Y no se trataba sólo de artesanos y de comerciantes, de esa burguesía que entonces estaba empezando a desarrollarse en Europa. Ese movimiento de personas se daba también entre los miembros del llamado “tercer estado”. Braudel nos informa que en la segunda mitad del siglo XVI y en las primeras décadas de la centuria siguiente, por ejemplo, se establecieron en las comarcas valencianas diversas familias procedentes del centro de Francia. Una de esas familias, sabemos nosotros, era la de los Landes, quienes procedían de la comarca de las Landas (de ahí su apellido), y que algunas generaciones más tarde, a caballo entre los siglos XVII y XVIII, dos de sus descendientes, hermanos, terminaron por establecerse en Cuenca, iniciando de esta forma una dinastía de hortelanos y labradores de más honda tradición en la ciudad del Júcar, los Llandres.

Aunque la crisis en la que se vio inmersa la ciudad de manera trágica desde finales del siglo XVI hasta la mitad del XVIII ralentizó esta movilidad geográfica, no la interrumpió por completo. Todavía en el siglo XVIII veremos instalarse en la ciudad, de manera definitiva, a un rico comerciante extranjero, Melchor José Ortineri, que era oriundo del Alto Adagio, en la comarca de Bolzano, una región alpina en la frontera entre Italia y el imperio de los Habsburgo (prometo hablar más detenidamente de este interesante personaje en alguna entrada posterior). Y en las primeras centurias de la década siguiente, también se establecieron en un pueblo de tamaño mediano, como San Lorenzo de la Parrilla, se establecieron a principios del siglo XIX tres caldereros de origen napolitano, oriundos de Rivello, Juan, José, y Juan Luis Lacorti, o Lacorte, caldereros de profesión, que hacia el año 1820 solicitaban del tribunal diocesano la autorización de sus matrimonios respectivos con tres mujeres de ese pueblo (Águeda de Lucas, Estanislá Peraile y Mariana Álvarez, respectivamente), iniciando de esa forma una nueva dinastía conquense, los Lacort. Y es que hacia se había establecido en este pueblo una compañía de caldereros napolitanos, a cuyo frente figuraba un miembro de esta estirpe, Bartolomé Lacorti, que fallecería en el pueblo a finales de 1815.

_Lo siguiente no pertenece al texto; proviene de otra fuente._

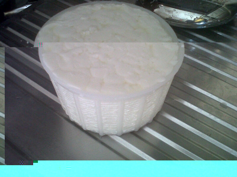 Già al quinto giorno il penicillium si è fatto avanti ed oggi che siamo all’ottavo giorno dalla sua produzione, ricopre (a vista) un buon 65-70% dell’intera forma.
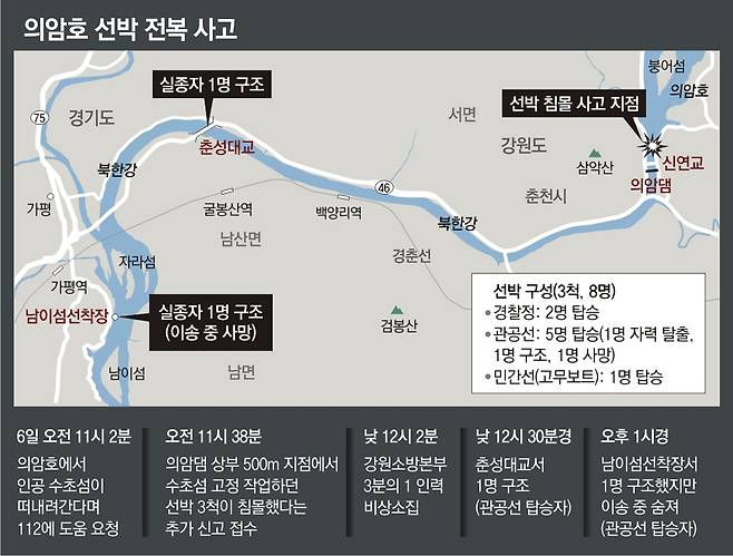 전복 직후 관공선에 타고 있던 A 씨(60)는 자력으로 탈출해 육지에 올라왔다. 하지만 나머지 7명은 급류에 휩쓸려 사라졌다. 배 3척과 실종자 모두 폭 13m의 의암댐 6번 수문을 통해 하류로 떠내려간 것으로 알려졌다. 의암댐은 최근 계속된 집중호우로 수위가 높아져 2일부터 수문을 열고 방류 중이었다.

Otro de los miembros de esta compañía, Blas Sandoro, también terminó por establecerse en el pueblo, al haber contraído matrimonio con Jesusa Guijarro. No eran estos, por otra parte, no eran estos caldereros los únicos extranjeros que se habían establecido en aquellos tiempos en esta localidad mediana: en 1816, Juan Francisco Berres, de nación francesa, solicitaba del mismo tribunal diocesano que se le despachara atestado de libertad para poder contraer el matrimonio que tenía tratado con Jacinta Recien, natural de San Felipe de la Oriva, pequeña localidad del reino de Valencia.